InforCapital
Startup Fundraising

Blueprint raises $60M builds consumer clinical longevity platform

Blueprint raised $60M to expand supplements into a personalised longevity care service—diagnostics, prescriptions, delivery, AI support now

AM
Alvaro de la Maza

Partner at Aninver

Key Takeaways

  • Sector: Healthcare Healthtech & Medtech.
  • Geography: United States.

Analysis

Blueprint, the longevity venture led by entrepreneur Bryan Johnson, has closed a new financing round that will accelerate its shift from a retail supplements line into a comprehensive, consumer-facing longevity service. The raise totals $60 million and brings a roster of high-profile individual backers, underscoring how anti-ageing science is moving into mainstream wellness.

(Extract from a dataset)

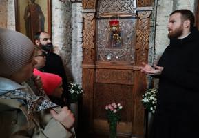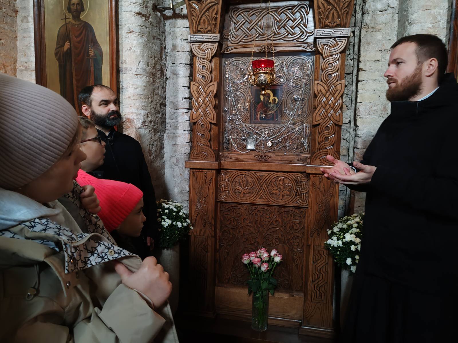 Диакон Борис Бородинчик провел экскурсию для паломников из Белоозерска в Коложском храме

Investors included high-profile backers such as Kim Kardashian, Naval Ravikant, Alex Hormozi, Ari Emanuel, and the Winklevoss twins

Johnson, best known for his public experiment with extreme health optimisation, announced the round on social media and positioned the capital as fuel to bundle clinical diagnostics with consumer products. Under the plan, Blueprint will broaden its current catalogue—already comprising olive oils and a marketed “longevity mix”—into a layered offering that combines blood testing, prescription access, nutrition, advanced therapies and an AI health companion.

The investor list is notable for its celebrity and founder mix: public figures and founders have taken stakes, signalling increasing cultural acceptance of longevity as a consumer category. That celebrity participation matters commercially; it helps brands win attention as the global anti-ageing and wellness markets remain competitive. Analysts estimate the broader anti-ageing market sits in the tens of billions of dollars with mid-single-digit to high-single-digit annual growth, while demand for personalised health services and at-home diagnostics is rising rapidly.

Operationally, Blueprint is hiring for a new phase. Johnson named Gyre Renwick as CEO — a leader with prior roles at Modern Health and stints in corporate healthcare teams — to guide the company through clinicalisation and scale. The move reflects a broader strategy: turn personalised protocols into deliverable products and services that meet regulatory and clinical standards, rather than remain purely aspirational supplements.

What Blueprint intends to sell is a hybrid: consumer convenience knit to clinical inputs. Customers could receive personalised supplement bundles, periodic biomarker panels, guidance on therapeutics such as GLP-1 agents where appropriate, and digital monitoring via an AI assistant. Turning that vision into a reproducible business will require investment in lab partnerships, telehealth infrastructure, prescriptions management and data systems — precisely where the new funding will be directed.